◆ EXERCISE
Output the lines from the one containing "据悉,春节长假前后,三亚南山" through the last line of the material below, exactly; please do not include pictures.

◆ DATA EXCERPT
.....

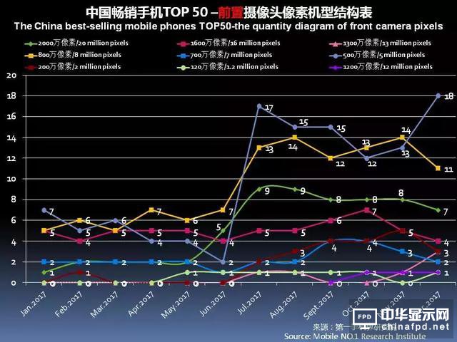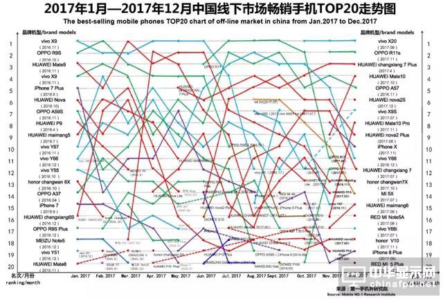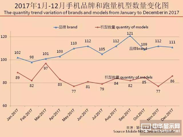 根據七星手機連鎖、話機世界、廣西王者通訊、四川龍翔通訊、廣東麗的通訊、廣東新星源手機數碼連鎖、黑龍江省凌志手機連鎖、海南王者天創、山西太通科技、山西遠大通訊、湖南齊欣通訊、江西麗華通訊、湖北九鼎通訊、吉林天天手機、云南九機網、甘肅悅達、陜西中人、河南兄弟通訊商會、河南國宇、河南勝天、江蘇國網、河北潤德、廈門中橋、迪信通、貴州誠訊、華偉通訊、大地通訊、重慶祥佳音、河北國通等全國手機連鎖賣場銷售數據統計結果顯示,2017年12月在中國線下渠道銷售的手機品牌達到111個,環比11月112個,減少了1個;12月有一定銷量的手機機型達到86款,環比11月77款,增加了9款。
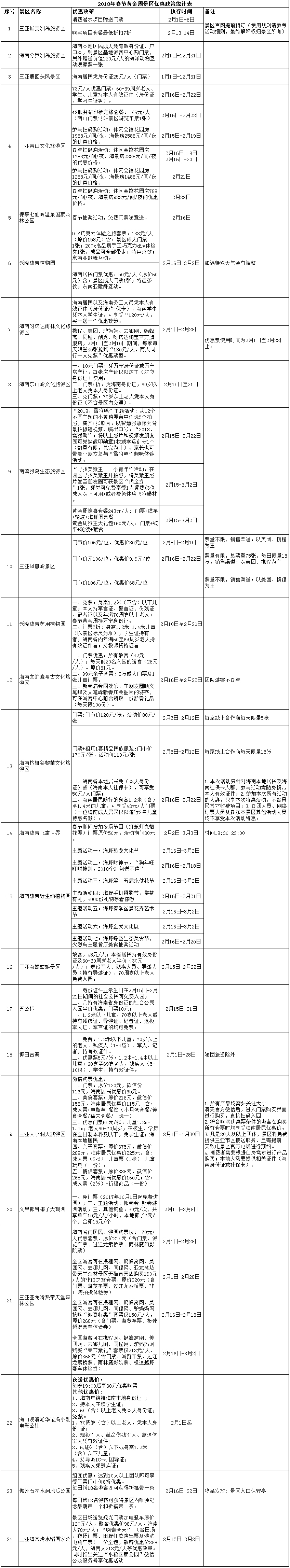 据悉,春节长假前后,三亚南山文化旅游区、海南槟榔谷黎苗文化旅游区、海南分界洲岛旅游区、陵水南湾猴岛生态旅游区、兴隆热带药用植物园等24家旅游景区将推出60余项优惠措施,放“价”迎客。
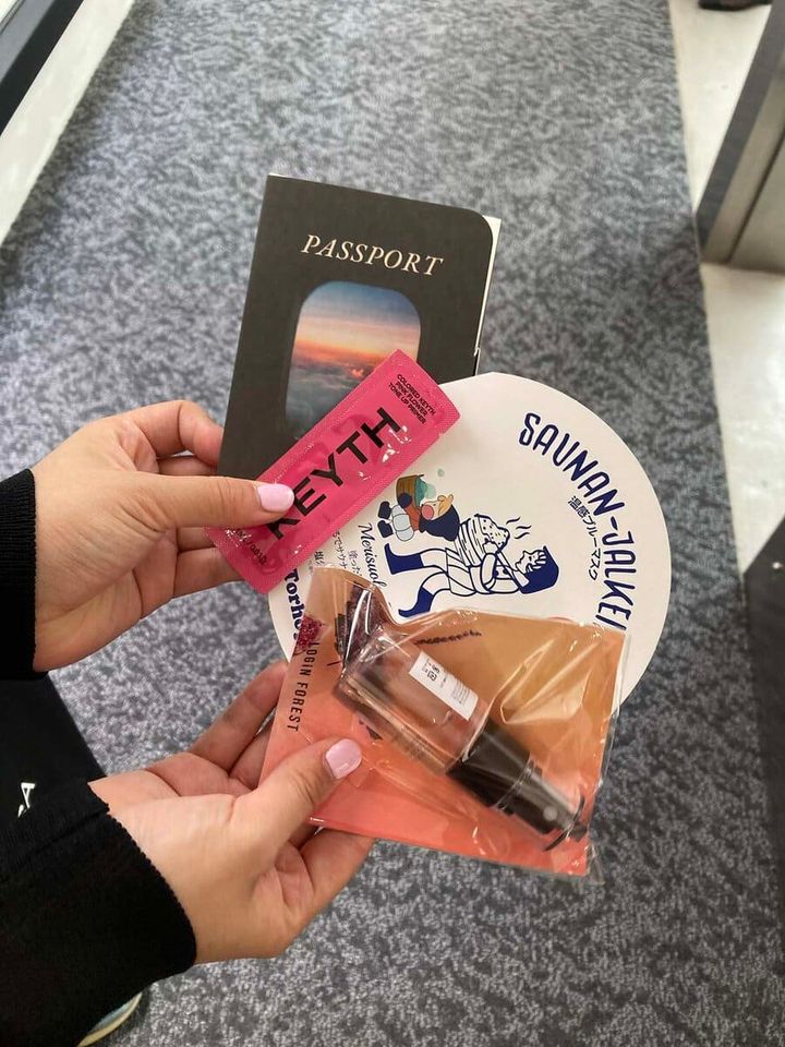 向かって左の白いパッケージのものはサンクリーム。パッケージを開けるとオレンジ色のバームが! 済州産の発酵コンブチャエキス配合で肌をやさしくケア。ブルーのボトルはレモングラスの香りの日焼けオイル。色づかいも洒落てる!

.....

◆ RESULT OF THE TASK
 据悉,春节长假前后,三亚南山文化旅游区、海南槟榔谷黎苗文化旅游区、海南分界洲岛旅游区、陵水南湾猴岛生态旅游区、兴隆热带药用植物园等24家旅游景区将推出60余项优惠措施,放“价”迎客。
 向かって左の白いパッケージのものはサンクリーム。パッケージを開けるとオレンジ色のバームが! 済州産の発酵コンブチャエキス配合で肌をやさしくケア。ブルーのボトルはレモングラスの香りの日焼けオイル。色づかいも洒落てる!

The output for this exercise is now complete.